Please make an exact copy of the lines from the one holding "九派新闻搜索发现,今年3月3" through the end of the data, both ends included, with no pictures.

DATA —
####################

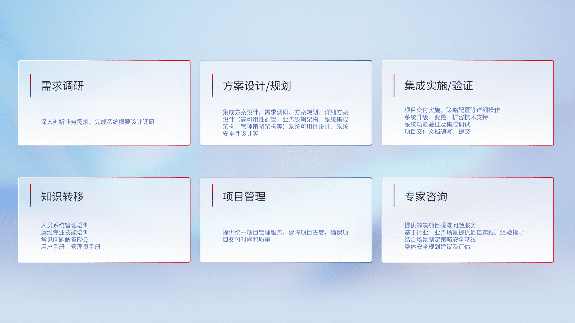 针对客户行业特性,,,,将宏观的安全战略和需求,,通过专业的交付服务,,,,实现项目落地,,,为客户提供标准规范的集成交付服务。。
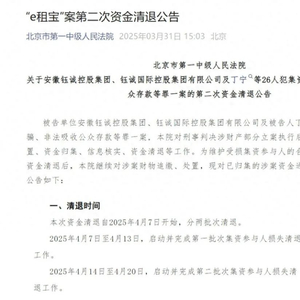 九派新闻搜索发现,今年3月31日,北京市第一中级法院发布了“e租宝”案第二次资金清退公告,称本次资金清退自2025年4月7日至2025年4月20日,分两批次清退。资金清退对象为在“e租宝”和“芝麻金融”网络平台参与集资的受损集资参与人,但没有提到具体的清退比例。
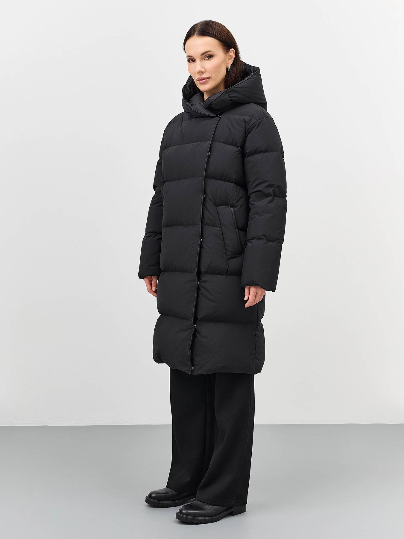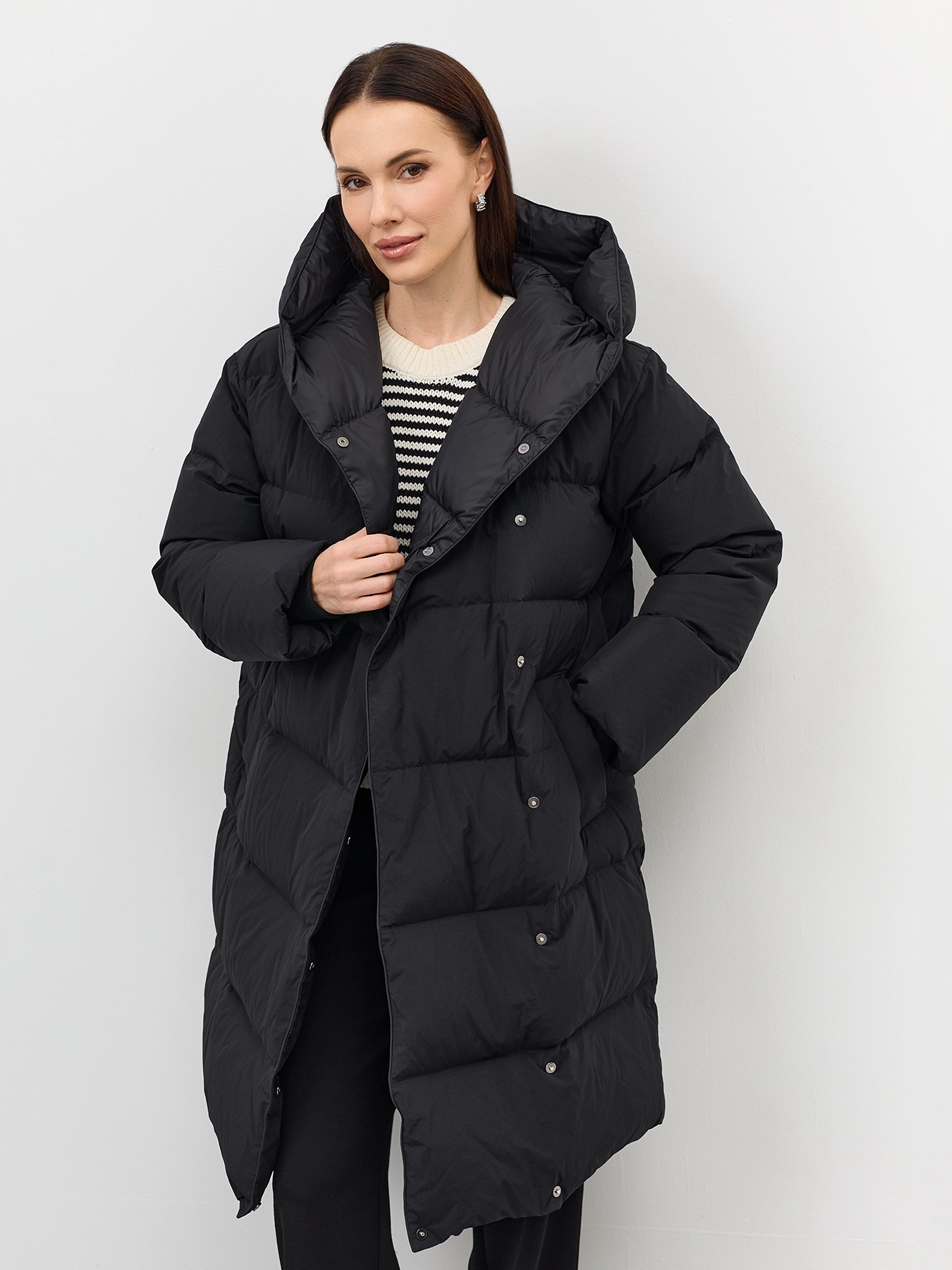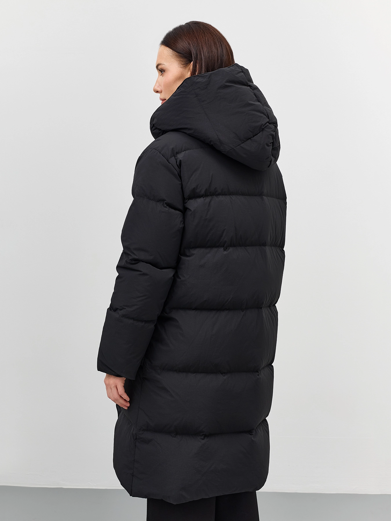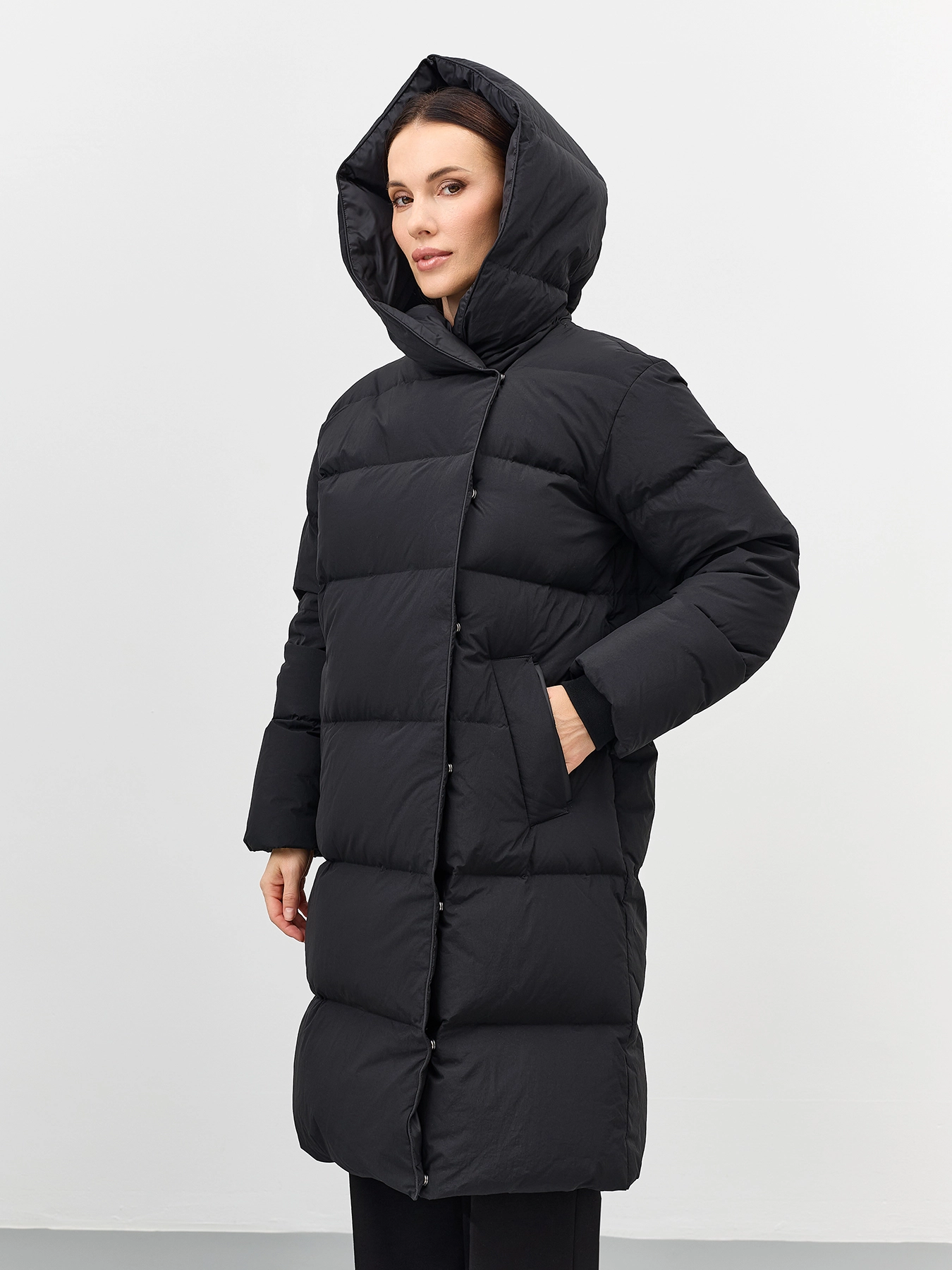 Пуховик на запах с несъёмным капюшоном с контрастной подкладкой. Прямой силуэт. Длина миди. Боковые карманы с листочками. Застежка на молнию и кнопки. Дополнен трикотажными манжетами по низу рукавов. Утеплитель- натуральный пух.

####################

WRITTEN REPLY —
 九派新闻搜索发现,今年3月31日,北京市第一中级法院发布了“e租宝”案第二次资金清退公告,称本次资金清退自2025年4月7日至2025年4月20日,分两批次清退。资金清退对象为在“e租宝”和“芝麻金融”网络平台参与集资的受损集资参与人,但没有提到具体的清退比例。
 Пуховик на запах с несъёмным капюшоном с контрастной подкладкой. Прямой силуэт. Длина миди. Боковые карманы с листочками. Застежка на молнию и кнопки. Дополнен трикотажными манжетами по низу рукавов. Утеплитель- натуральный пух.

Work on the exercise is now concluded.